Let’s look at the Worst 5%…
subset(countries.Changes,
Agriculture.Changes < quantile(Agriculture.Changes, probs = 0.05, na.rm = TRUE))
## Country Forest.Changes Agriculture.Changes
## 74 Greece 3.52 -40.73701
## 90 Ireland 3.31 -19.55291
## 119 Malta NA -12.50000
## 136 New Zealand 2.19 -16.97619
## 152 Puerto Rico 0.45 -26.26832
## 157 Saint Kitts and Nevis 0.00 -26.92308
## 158 Saint Lucia 0.00 -14.75410
## 192 Tuvalu 0.00 -33.33333
## 203 Virgin Islands (U.S.) -5.88 -11.42857
I can’t found anything about drastic changes on those countries so I’m going to treat them as outliers. What about other outliers?
subset(countries.Changes,
Agriculture.Changes > quantile(Agriculture.Changes, probs = 0.95, na.rm = TRUE))
## Country Forest.Changes Agriculture.Changes
## 21 Benin -8.78 11.29995
## 43 Comoros -3.76 10.75269
## 53 Djibouti 0.00 17.34254
## 72 Ghana -8.48 10.96511
## 137 Nicaragua -11.12 10.59498
## 162 Sao Tome and Principe 0.00 13.54167
## 163 Saudi Arabia 0.00 23.36895
## 166 Sierra Leone -4.05 11.17006
## 202 Vietnam 10.96 11.76071
It seems that Saudi Arabia had an amazing increase in its agriculture without even cutting a single tree. Not so sure about other outliers…
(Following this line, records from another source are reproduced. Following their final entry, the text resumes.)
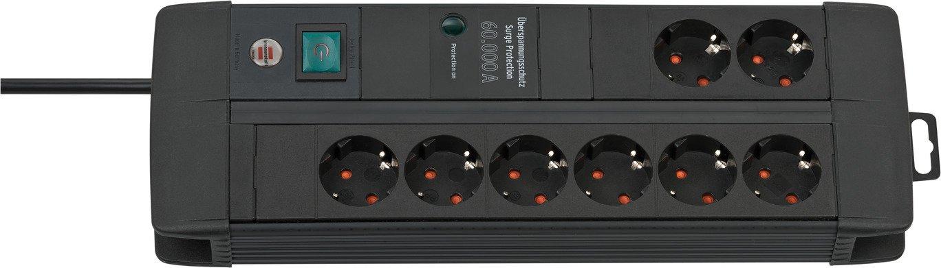 Premium-Line 60.000A Überspannungsschutz-Steckdosenleiste 8-fach Duo schwarz 3m H05VV-F 3G1,5* Schutz für Ihre Geräte vor Störungen im Stromnetz, wie Überspannungen, indirekte Blitzeinschläge oder Leitungsrauschen, mit einer maximalen Summe von Ableitströmen bis zu 60.000 A.* Intelligentes, auswechselbares Modul-Bausystem.* Sicherheitsschalter beleuchtet, zweipolig ein-/ausschaltbar. * Steckdosen mit erhöhtem Berührungsschutz.
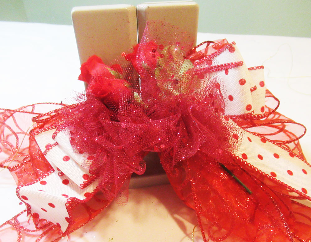 Add the second ribbon, leaving a 6″ tail.
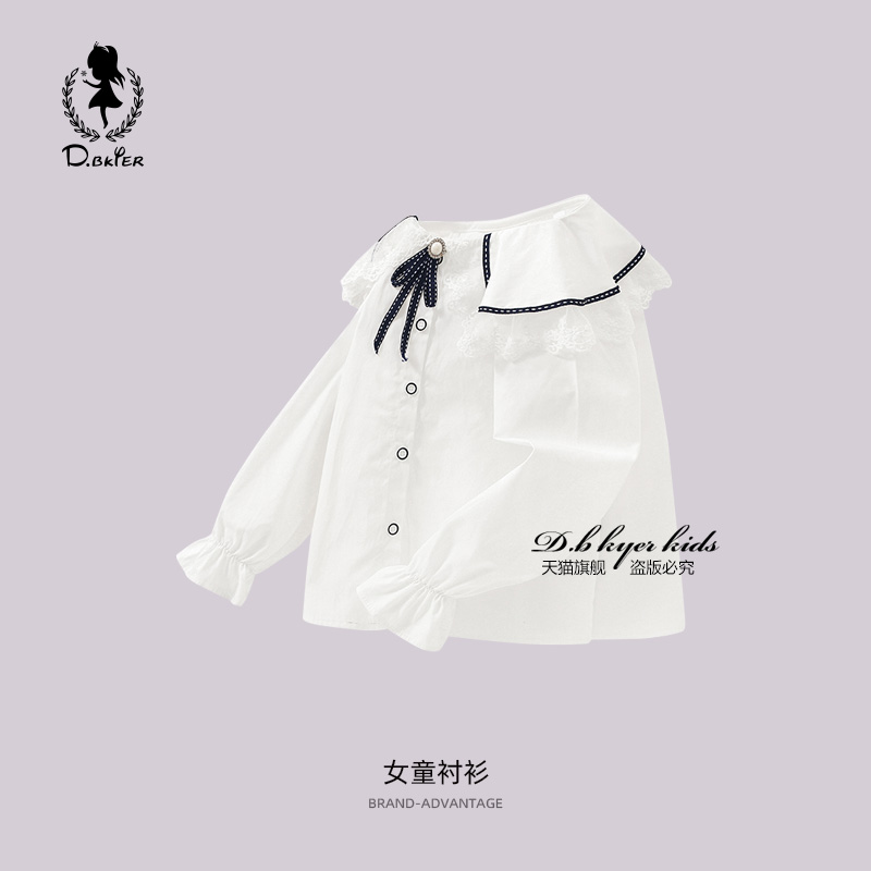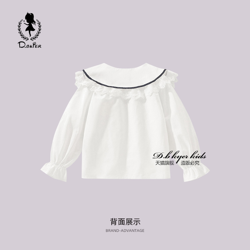 上衣 长袖 D.Bkyer女童白色衬衫 上衣儿童衬衣学生大童娃娃领校园款
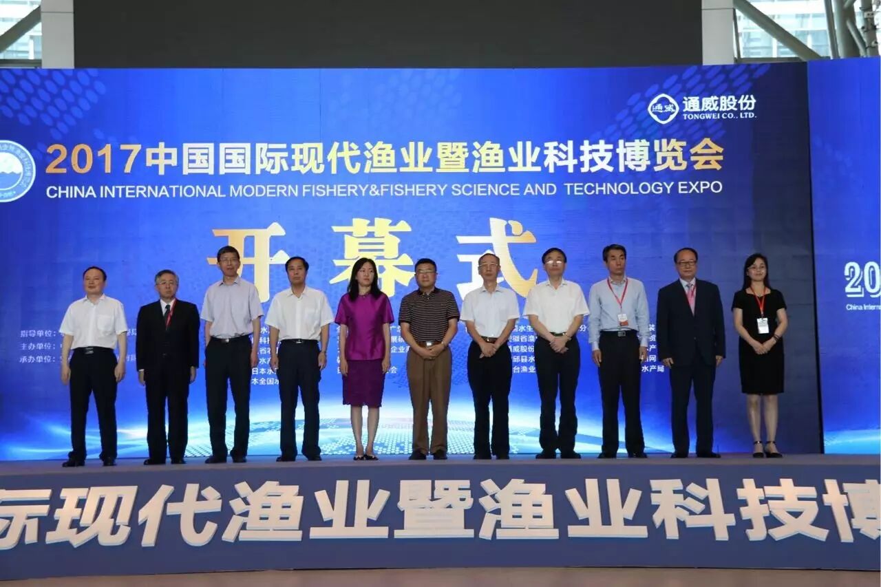 2017年6月16日,由中国渔业协会主办,农业部渔业渔政局指导,中国水产科学研究院、全国水产技术推广总站等单位联合支持,通威股份独家赞助的“2017中国国际现代渔业暨渔业科技博览会”在合肥滨湖国际会展中心盛大开幕。中国科技新闻学会理事长宋南平,中国渔业协会会长赵兴武,中国水产科学研究院院长崔利锋,全国水产技术推广总站站长、中国水产学会秘书长肖放,日本水产会会长白须敏朗,韩国水产会会长金永奎等领导莅临开幕式。

ggplot(subset(countries.Changes,
Agriculture.Changes > quantile(Agriculture.Changes, probs = 0.05, na.rm = TRUE)),
aes(x=Forest.Changes, y=Agriculture.Changes)) +
geom_point() +
geom_smooth(method = "lm") +
ggtitle("Forest Coverage Changes vs Agriculture Coverage Changes \n between 1990 and 2005")
ggplot(subset(countries.Changes,
Agriculture.Changes > quantile(Agriculture.Changes, probs = 0.05, na.rm = TRUE) &
Country %in% south.america),
aes(x=Forest.Changes, y=Agriculture.Changes)) +
geom_point(aes(color = Country), alpha = 1/2, size = 5) +
geom_smooth(method = "lm") +
ggtitle("Forest Coverage Changes vs Agriculture Coverage Changes \n between 1990 and 2005 \n in South America")
So it seems that Latin America has a greater negative correlation in Changes than the rest of the World. That could imply indeed that Deforestation main cause is Agriculture (rather than increment of population, cities, infraestructure, etc…)
Although there seems to be a negative correlation between Forest Coverage and Agriculture Coverage, mostly in South America Countries, I feel I cannot rely in the data due to some strange outliers described above and missing data.